Two-thirds of survivors indicated that safety was not a need at the time of the interview. All survivors who perceived the program as solely positive reported that safety was not a need and did not report seeking a court order. Karishma stated, “he's not the kind of a criminal person that he would come and assault [me] or anything like that…So, safety is no longer an issue with me once he moved out.” Most survivors who perceived the program as having mixed outcomes also felt that safety was not a need, though a few indicated they were uncertain about their safety. Survivors who were uncertain about their safety were not sure how their partners might behave in the future, particularly because of partners’ past abusive behaviors. Bethany worried about how her partner would react to her filing for full custody of their children:

I mean, he's playin' along nicely right now. But at some point, it could be. 'Cuz you don't know. It's so volatile. And I feel like safety may become a issue when he gets those divorce papers. Because it's gonna say I want sole custody. It's gonna say use and possession of the house or house to be sold. It's gonna make him angry.

In contrast, most survivors who perceived the program as solely negative asserted that safety was a need for them and/or their children, and they sought a court order. Grace stated:

I know that I don't feel necessarily safe at school even though Title IX came in and they have suspended him from school until he completes, like, a long laundry list of demands. But, you know, it's not like they're always on the lookout for him, so I'm especially hypervigilant, like, when in the parking lot because I'm sure he knows where I park. I also don't necessarily feel safe at home since he knows where I live. So, most of the time I would rather spend time at a friend's house, like somewhere he doesn't know where I would be. And I also avoid areas that I know he would be. … And so, in order for me to take action against him they said, ‘We also want you to be safe at home and outside of school.’ Because they can protect me at school. They can't protect me everywhere else. So, I had to go get a protective order.

Evidently, when survivors experienced the program as having solely positive outcomes, they simultaneously reported feeling safe. Conversely, when they experienced the program as having solely negative outcomes, they worried about safety for themselves and their children.

Survivors who experienced the program as having solely negative and/or mixed outcomes described the numerous ways that their abusive partners continued to use various tactics to cause harm to them and their children. For instance, Keisha asserted:

Two weeks ago, I came home late, and my husband was in the parking lot and followed me all the way up the steps. And I had no idea. I was on the phone. But I just instantly, like, felt, like, something. And I turned around and it was him. And that scared me.

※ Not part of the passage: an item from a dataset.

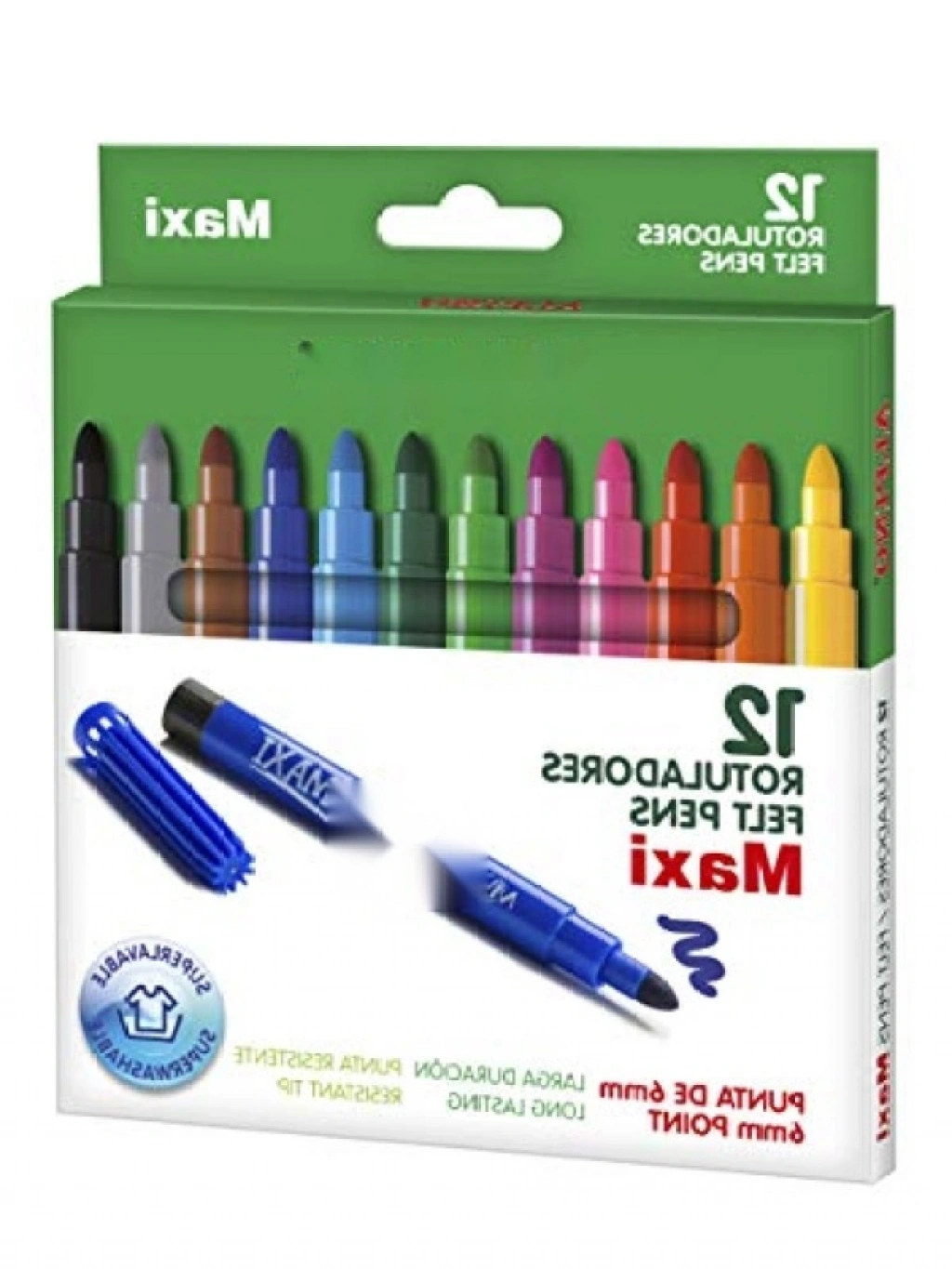 Bu set, 12 adet dayanıklı maxi keçeli kalem içermektedir. 6mm kalınlığında uca sahip olan bu kalemler, günlük ve profesyonel kullanım için idealdir. Su bazlı içeriği sayesinde yıkanabilir ve uzun süre kullanılabilir.

These survivors described partners continuing to stalk survivors, verbally and emotionally abuse survivors, use children to manipulate survivors, engage in physical aggression toward survivors, and manipulate systems in their favor – including the RVIP. Keisha felt her partner “intimidated [the program counselor] to the point where maybe like, there was just no help.” Survivors felt that abusive partners manipulated program counselors by not being honest or transparent and performing the desired behaviors while in sessions. Thus, partners could complete the program without facing real accountability or making authentic changes. A few abusive partners used the program to manipulate and blame survivors. Lucy’s partner weaponized the program by telling her that he learned from participating in the RVIP that she is the abuser – not him. As expected, ongoing violence that compromises survivors’ safety leads to negative perceptions of RVIPs.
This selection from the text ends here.